Remember to remove the fat before placing the meat on the braai. One should thus cut away all visible fat. When using chicken one should remove the skin.  

Lemon juice, garlic and fresh herbs can go a long way in adding flavour to the meal. Use the above mentioned instead of oily marinades, butter or margarine. Make use of herbs and spices to replace salt (this will assist in managing ones blood pressure).
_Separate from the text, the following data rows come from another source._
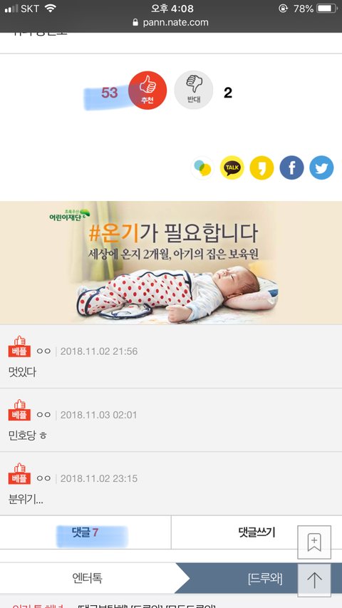 댓글수도 별로 없는데 이상하게 톡선이어서 보면 추천수 ㅈㄴ 높고 그래서 주시 했더니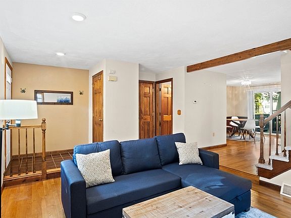 Welcome to the Williamsburg I Complex. This beautiful community is connected by tree-lined greenspaces and a wooded walking trail along the Merrimack River. Multiple community tennis courts and in-ground pools, as well as canoe/kayak river access, are available for exclusive use. #408 is a coveted end unit townhouse conveniently located to all of the amenities, with three deeded parking spots (including one carport). As you enter the unit, you will find a cozy living room featuring a brick fireplace, hardwood floors, and access to a half bath. The eat-in kitchen has a quartz countertop peninsula that seats four. The dining room sliding glass door leads you to the wooden patio, where you can enjoy the peaceful manicured gardens. Upstairs are two bedrooms, both able to fit king size beds, with ample space for a desk or seating area. There is also a full bath with a tub and laundry for easy living. The basement is finished and can be used as a family/movie room, and plenty of storage.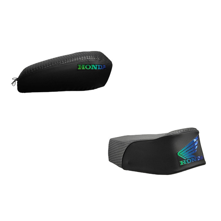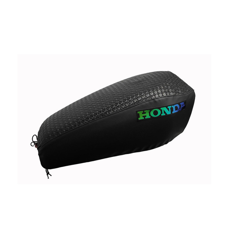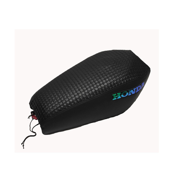 محصولی که مشاهده میکنید روکش زین و باک "مناسب برای موتورسیکلت های هوندا و طرح هوندا میباشد .این محصول با توجه به الگوبرداری از نمونه های استاندارد بسیار خوش قالب میباشد. در ساخت این محصول از سه مدل چرم مصنوعی استفاده شده .کف صندلی و باک از چرم طرح حصیری با زیره نمدی و پشت صندلی و بغل باک از چرم پالرموی پشت جودون یک میلیمتری میباشد که از طول عمر بالایی برخوردار است و در تمامی مراحل دوخت و مونتاژ از نخ دولای پلی استر استفاده شده که مقاومت بالایی دارد.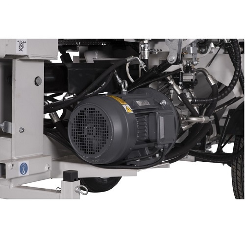 De houtklover is voorzien van een krachtige 9500 W, 18,4 A elektromotor (Netspanning 400V/ 50Hz, zekering 20A, min. kabel dikte 2,5mm²). Het voordeel van een elektromotor is natuurlijk geen motorgeluiden of uitlaatgassen, dus milieu vriendelijk werken. je kan met deze machine erg veilig hout kloven maar uiteraard is je kloofopbrengst veel hoger dan als je beide bewerkingen (kloven en zagen) separaat moet uitvoeren.
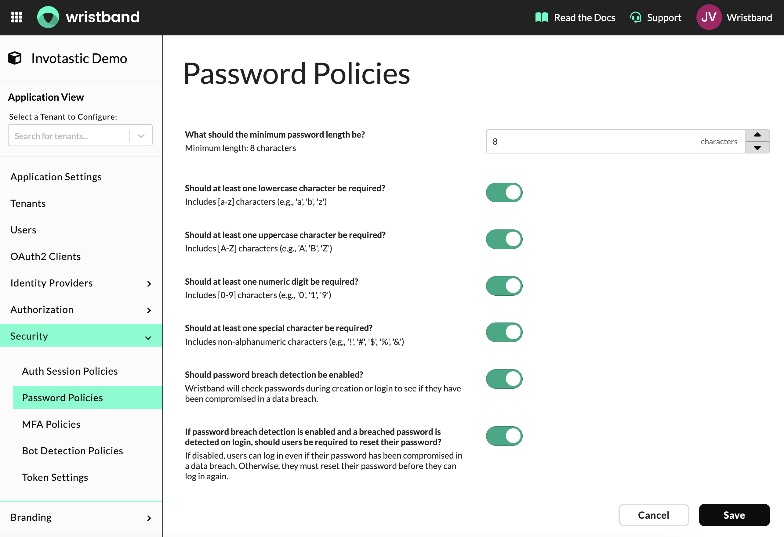!,#,$,%,&). - Password Breach Detection: When enabled, Wristband checks passwords during creation and login against known data breaches. It is recommended to keep this enabled.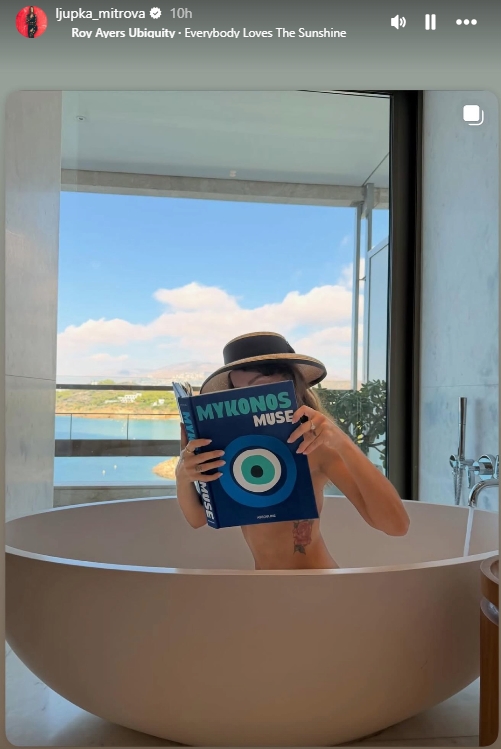 Така и овој пат тазе венчаната невеста покажа дека покрај се друго, еротиката и е посилна стрална… Особено онаа – уметничката. Седната на хотелскиот тросед со широко раширени нозе, боса и доволно гола ја буди фантазијата, предизвикувајќи нов хормонски потрес, зашто зад отворената книга со музите на Миконос, Љупка е повторно топлес!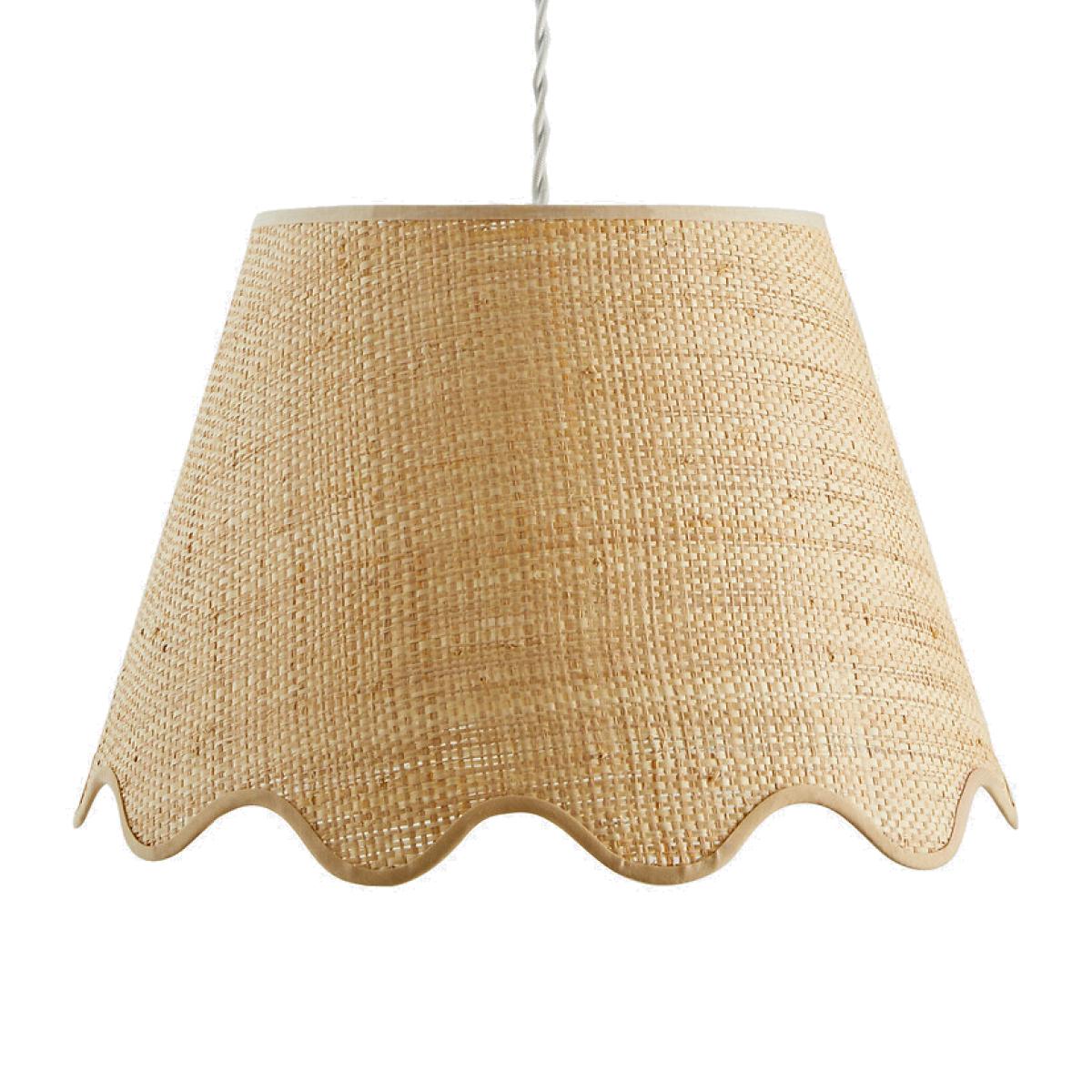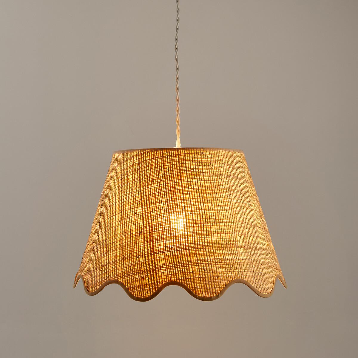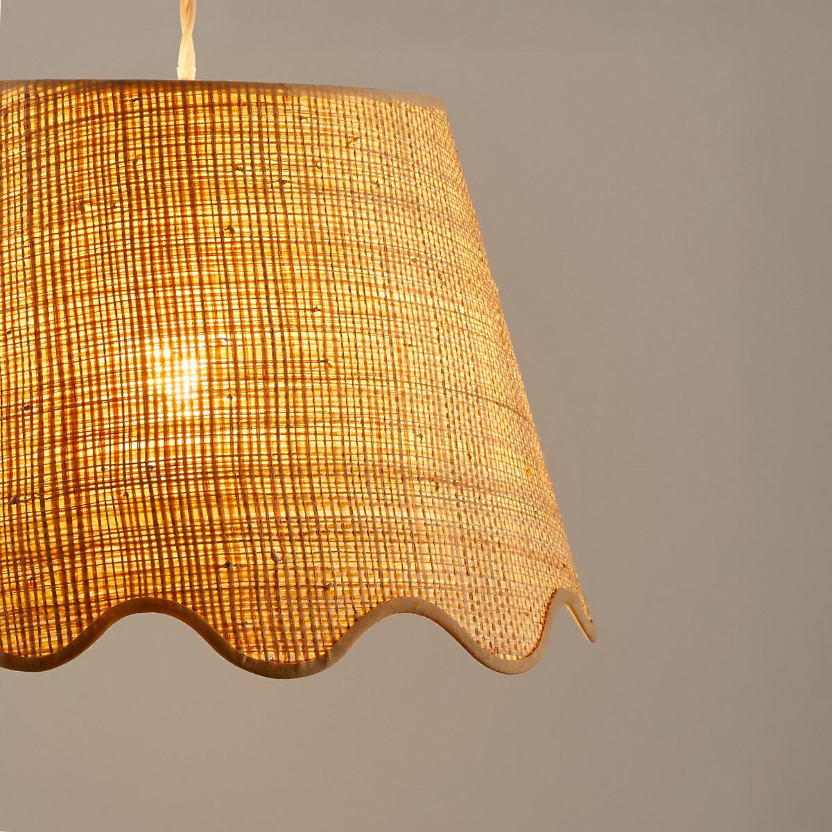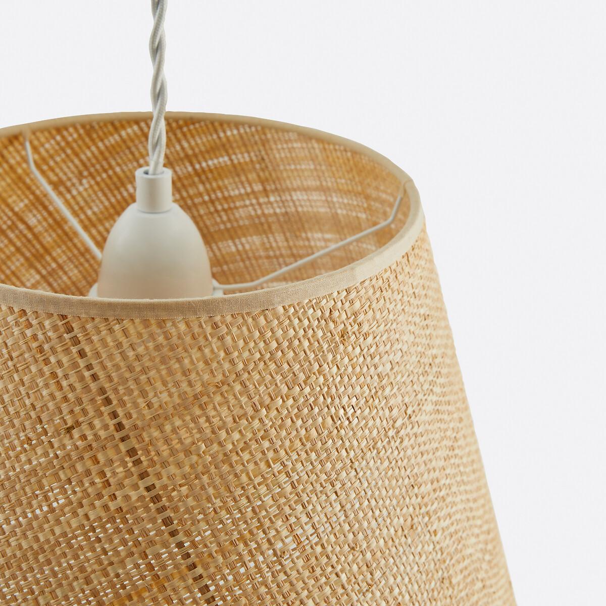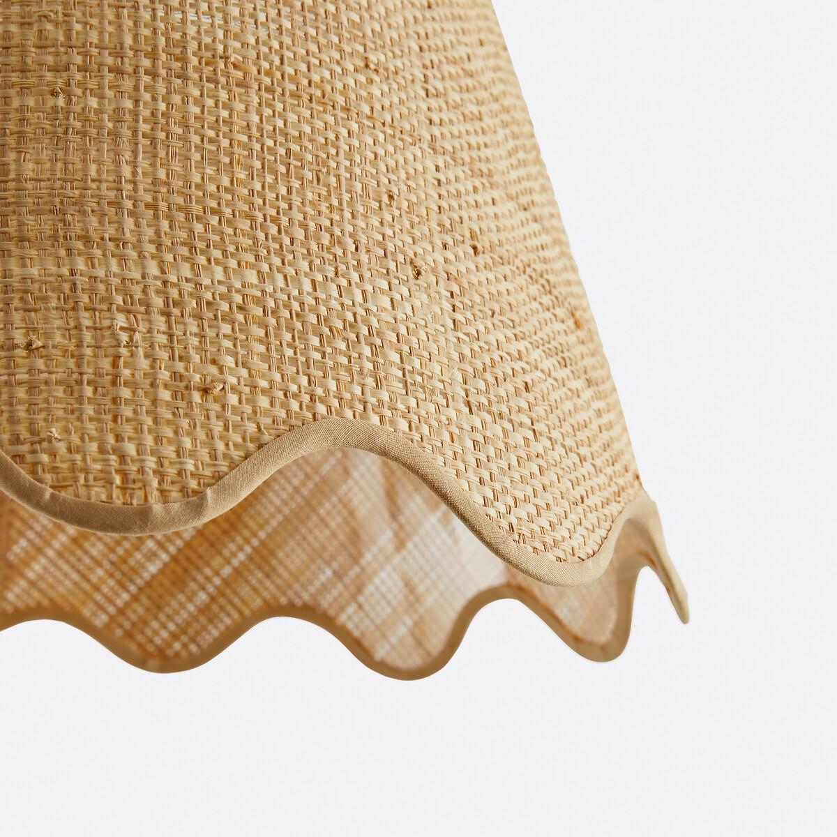 Bring in the light. The Dolkie raffia pendant light is ideal for bringing a natural note to a contemporary interior. It helps to create a soft and warm atmosphere. Made in France. Product Details • In wave-effect raffia with cotton braid • White epoxy steel structure • Supports E27 bulb (not supplied) • This product is sold non-electrified. Find the Baulind electric cable sold on our site. Dimensions • Diameter at the top : 22cm • Diameter at the bottom: 35cm • Height: 24cm • Made in France. Dimensions and weight of parcel1 parcel • L36 x H28 x D36cm. 0.93kg.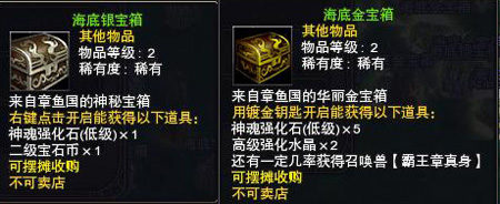3、 所有玩家都可以采集这些洒落出来的宝箱,采集后获得对应的“海底金宝箱”或“海底银宝箱”道具。宝箱开启后将直接获得对应奖励,开启海底金宝箱还有机会免费获得5星力量召唤兽——霸王章真身。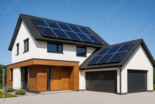 Modern home with solar panels showcasing sustainable living under a clear blue sky Generative AI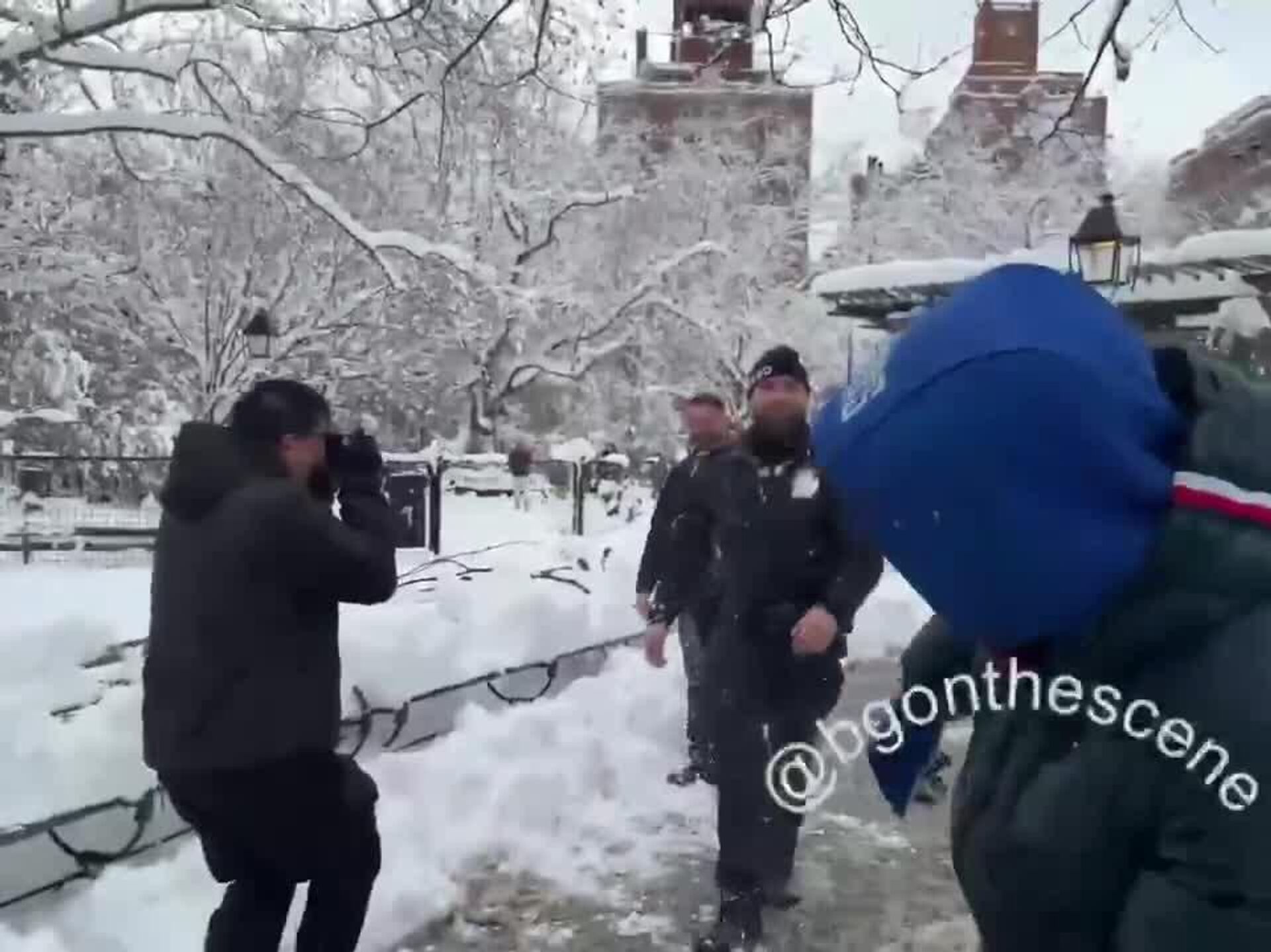 یک مرد 27 ساله در شهر نیویورک به ظن پرتاب گلوله برفی به سمت مأموران پلیس در پارک میدان واشنگتن دستگیر شد

Tip 6: Healthy starch options

Instead of serving white bread rolls at the braai choose from the following options:
Low GI brown bread, seeded rolls, whole-wheat pita, sweet potato or baby potatoes, barley or couscous. 

Tip 7: Time for Dessert
  • Fruit salad or fruit kebabs will not only add colour to the festivities but will definitely ensure that you don’t feel guilty after a second bowl of dessert.
  • Drizzle the kebabs with chocolate sauce or serve with a mixture of fat free cottage cheese and vanilla essence or fat free vanilla yogurt for added flavour. 

Tip 8: Drinks
  • Alcohol is loaded with kilojoules. One must therefore go easy on the beer, ciders and alcoholic beverages. Remember to alternate every alcoholic drink with a large glass of water.
  • Men should limit the intake of alcohol to 2 units per day and women to 1 (1unit=120ml wine, 340ml beer, 25ml spirits). Always choose light beer, light wine and light ciders.
  • Serve a jug of water with strawberries, sliced lemon or mint. A cold glass of water is always delicious on a hot summers day! 


May you enjoy the warm weather, experiment with healthy braai options and spend your braai's in great company!